• Given data:
=== Begin Enclosure ===

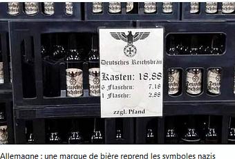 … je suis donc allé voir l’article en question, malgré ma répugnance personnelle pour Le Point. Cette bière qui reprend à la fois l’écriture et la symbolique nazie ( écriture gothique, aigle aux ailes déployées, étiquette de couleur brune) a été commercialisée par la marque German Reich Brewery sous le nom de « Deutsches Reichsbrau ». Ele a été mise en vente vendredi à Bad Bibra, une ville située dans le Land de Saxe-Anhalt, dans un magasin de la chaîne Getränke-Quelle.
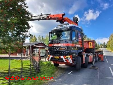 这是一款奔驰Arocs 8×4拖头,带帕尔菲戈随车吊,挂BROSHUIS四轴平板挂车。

=== End Enclosure ===
=== Begin Enclosure ===

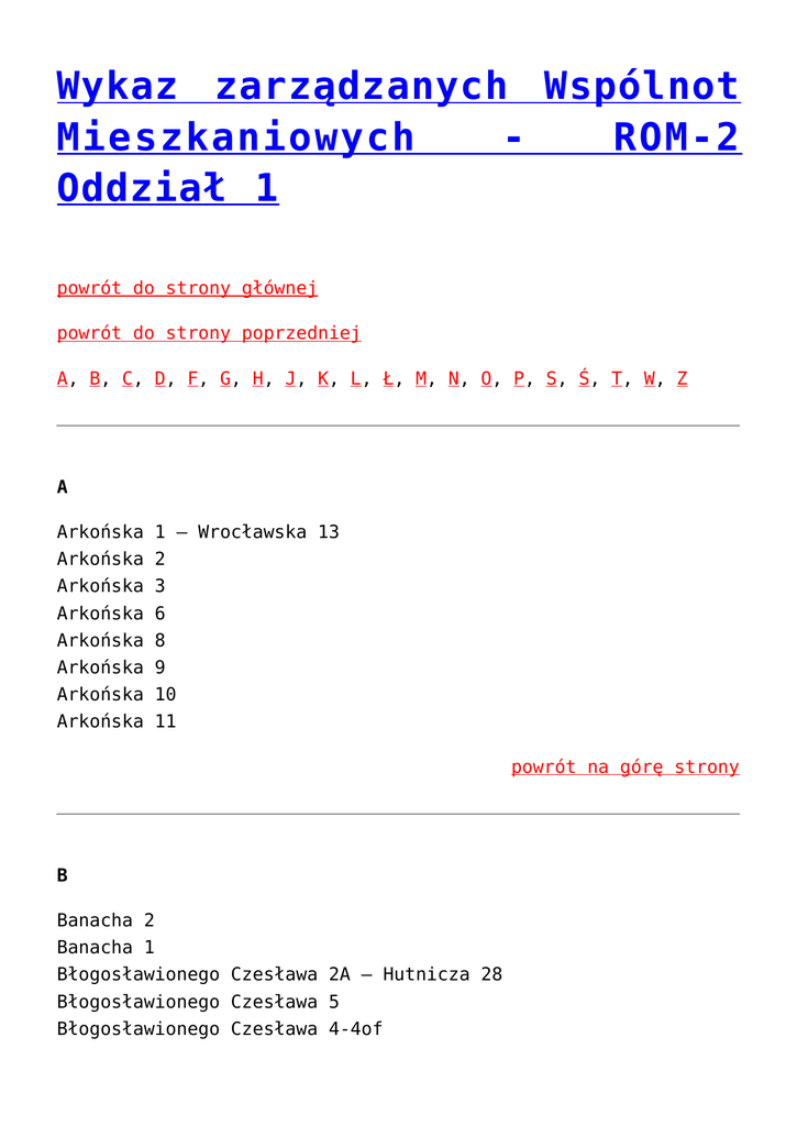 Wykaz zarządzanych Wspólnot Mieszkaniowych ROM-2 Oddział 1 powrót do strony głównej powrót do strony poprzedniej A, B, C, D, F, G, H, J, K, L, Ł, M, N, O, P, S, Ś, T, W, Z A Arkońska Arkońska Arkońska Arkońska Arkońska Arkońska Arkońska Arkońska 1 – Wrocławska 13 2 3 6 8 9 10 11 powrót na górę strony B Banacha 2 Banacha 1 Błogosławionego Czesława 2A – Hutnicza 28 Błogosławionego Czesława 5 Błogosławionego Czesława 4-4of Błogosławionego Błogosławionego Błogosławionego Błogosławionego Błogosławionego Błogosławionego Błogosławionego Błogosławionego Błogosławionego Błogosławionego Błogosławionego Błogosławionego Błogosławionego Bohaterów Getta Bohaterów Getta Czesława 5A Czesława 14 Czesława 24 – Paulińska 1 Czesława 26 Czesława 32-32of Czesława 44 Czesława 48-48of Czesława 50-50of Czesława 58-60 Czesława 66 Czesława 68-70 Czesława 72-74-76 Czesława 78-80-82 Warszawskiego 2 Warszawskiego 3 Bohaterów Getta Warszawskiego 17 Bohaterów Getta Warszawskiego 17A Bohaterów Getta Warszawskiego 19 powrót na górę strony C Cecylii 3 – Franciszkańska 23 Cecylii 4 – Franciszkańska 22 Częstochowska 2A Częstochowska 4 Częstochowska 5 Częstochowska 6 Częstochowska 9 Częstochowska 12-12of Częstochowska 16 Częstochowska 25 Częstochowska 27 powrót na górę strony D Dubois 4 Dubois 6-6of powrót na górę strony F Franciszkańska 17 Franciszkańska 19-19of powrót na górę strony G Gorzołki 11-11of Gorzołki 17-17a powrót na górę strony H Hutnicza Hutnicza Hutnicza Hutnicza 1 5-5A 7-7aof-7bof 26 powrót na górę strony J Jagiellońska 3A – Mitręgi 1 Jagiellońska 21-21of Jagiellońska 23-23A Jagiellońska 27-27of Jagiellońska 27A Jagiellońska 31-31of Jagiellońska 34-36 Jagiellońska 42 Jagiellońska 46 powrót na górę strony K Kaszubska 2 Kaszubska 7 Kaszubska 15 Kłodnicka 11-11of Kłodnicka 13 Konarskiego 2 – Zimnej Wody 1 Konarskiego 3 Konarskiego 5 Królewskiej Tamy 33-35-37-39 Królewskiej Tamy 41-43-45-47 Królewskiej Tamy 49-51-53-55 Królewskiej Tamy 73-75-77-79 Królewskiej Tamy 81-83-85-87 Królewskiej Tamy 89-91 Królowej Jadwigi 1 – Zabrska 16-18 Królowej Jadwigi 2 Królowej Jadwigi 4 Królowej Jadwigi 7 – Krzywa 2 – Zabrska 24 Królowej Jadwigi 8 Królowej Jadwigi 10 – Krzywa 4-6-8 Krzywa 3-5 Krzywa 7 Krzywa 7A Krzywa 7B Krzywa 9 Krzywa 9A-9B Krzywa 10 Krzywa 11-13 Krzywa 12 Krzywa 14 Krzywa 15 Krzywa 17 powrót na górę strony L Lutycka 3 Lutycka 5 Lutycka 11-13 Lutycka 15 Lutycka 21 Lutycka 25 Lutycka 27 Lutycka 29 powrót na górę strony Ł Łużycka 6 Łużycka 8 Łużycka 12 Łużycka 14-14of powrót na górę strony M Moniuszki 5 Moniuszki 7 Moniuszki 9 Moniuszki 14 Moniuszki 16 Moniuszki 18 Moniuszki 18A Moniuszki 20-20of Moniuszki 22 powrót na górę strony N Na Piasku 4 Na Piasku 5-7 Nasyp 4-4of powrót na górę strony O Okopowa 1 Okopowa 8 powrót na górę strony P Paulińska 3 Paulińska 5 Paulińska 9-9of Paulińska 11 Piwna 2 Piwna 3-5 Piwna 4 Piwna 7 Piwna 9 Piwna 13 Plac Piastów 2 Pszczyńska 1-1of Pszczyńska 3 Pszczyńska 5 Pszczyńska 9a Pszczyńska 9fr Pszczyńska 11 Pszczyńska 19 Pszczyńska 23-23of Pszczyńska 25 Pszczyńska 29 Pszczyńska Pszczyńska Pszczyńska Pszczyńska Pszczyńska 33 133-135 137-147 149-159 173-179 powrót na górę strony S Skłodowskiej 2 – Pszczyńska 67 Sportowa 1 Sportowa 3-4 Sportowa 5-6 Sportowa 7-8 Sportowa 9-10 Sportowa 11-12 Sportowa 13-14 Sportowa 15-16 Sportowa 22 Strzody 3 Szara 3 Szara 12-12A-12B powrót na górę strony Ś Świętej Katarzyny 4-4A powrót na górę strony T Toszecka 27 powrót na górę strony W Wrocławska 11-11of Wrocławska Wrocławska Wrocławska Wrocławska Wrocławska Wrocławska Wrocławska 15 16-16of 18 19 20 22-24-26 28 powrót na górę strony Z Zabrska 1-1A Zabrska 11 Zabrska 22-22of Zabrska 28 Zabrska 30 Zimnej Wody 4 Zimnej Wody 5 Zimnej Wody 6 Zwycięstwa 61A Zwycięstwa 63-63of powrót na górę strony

=== End Enclosure ===

• Try it:
When copying from the data above, begin at the line containing "la chaîne Getränke-Quelle." and end at the line containing "这是一款奔驰Arocs 8×"; return those lines exactly and leave all pictures behind.

• Task response:
 … je suis donc allé voir l’article en question, malgré ma répugnance personnelle pour Le Point. Cette bière qui reprend à la fois l’écriture et la symbolique nazie ( écriture gothique, aigle aux ailes déployées, étiquette de couleur brune) a été commercialisée par la marque German Reich Brewery sous le nom de « Deutsches Reichsbrau ». Ele a été mise en vente vendredi à Bad Bibra, une ville située dans le Land de Saxe-Anhalt, dans un magasin de la chaîne Getränke-Quelle.
 这是一款奔驰Arocs 8×4拖头,带帕尔菲戈随车吊,挂BROSHUIS四轴平板挂车。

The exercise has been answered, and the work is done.